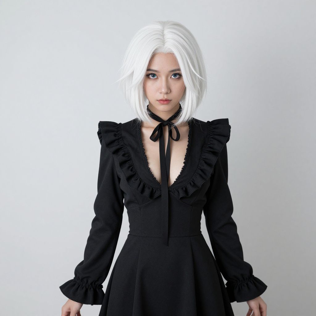Photograph of an Asian woman with long, white hair and fair skin, wearing a white sleeveless dress, standing against a gray background, arms crossed
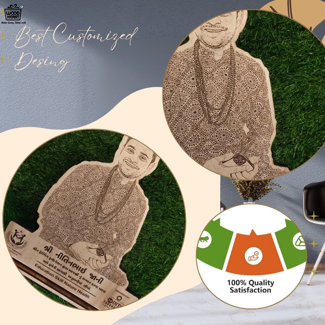 Celebrate achievements and memories in a unique way with this Custom Wooden Engraved Portrait Trophy by Wood Heart. Expertly laser-engraved with precision, this handcrafted wooden cutout beautifully captures portraits and text details, making it perfect for awards, appreciation gifts, or personalized keepsakes. Designed with a sturdy wooden base and fine engraving, it adds an elegant touch to any desk or display shelf. Ideal for corporate events, personal milestones, or customized gifting.
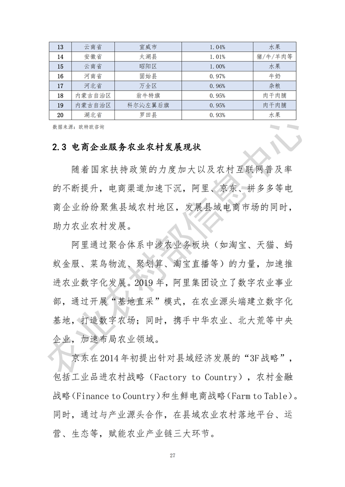 點(diǎn)擊查看完整報告:2020全國縣域數(shù)字農(nóng)業(yè)農(nóng)村電子商務(wù)發(fā)展報告.pdf
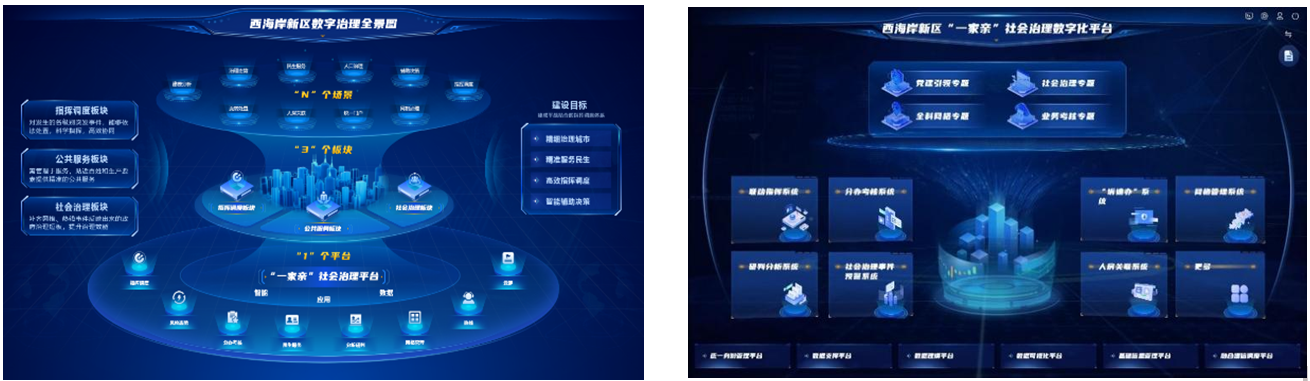 青岛西海岸新区“一家亲”社会治理数字化平台按照科学化、精细化、智能化和法治化要求,通过整合与社会治理相关的数据资源,深化拓展社会治理功能,充分发挥“网格化+数字化+智能化”建设职能优势,确定了“1+3+N”数字治理整体建设架构。“1”即1个西海岸“一家亲”社会治理平台,包括联动指挥、分办考核、研判分析、社会治理事件预警四大系统,同时接入了“诉速办”、智慧党建等平台,整合形成了一个社会治理应用门户;“3”即“公共服务、社会治理、指挥调度”3大业务板块;“N”即围绕新区特色打造的多个数智治理应用场景。
+++
● Try it: Exactly restate the lines from the beginning of the data through the line with "點(diǎn)擊查看完整報告", and no others, keeping pictures out.

● Response area:
Photograph of an Asian woman with long, white hair and fair skin, wearing a white sleeveless dress, standing against a gray background, arms crossed
 Celebrate achievements and memories in a unique way with this Custom Wooden Engraved Portrait Trophy by Wood Heart. Expertly laser-engraved with precision, this handcrafted wooden cutout beautifully captures portraits and text details, making it perfect for awards, appreciation gifts, or personalized keepsakes. Designed with a sturdy wooden base and fine engraving, it adds an elegant touch to any desk or display shelf. Ideal for corporate events, personal milestones, or customized gifting.
 點(diǎn)擊查看完整報告:2020全國縣域數(shù)字農(nóng)業(yè)農(nóng)村電子商務(wù)發(fā)展報告.pdf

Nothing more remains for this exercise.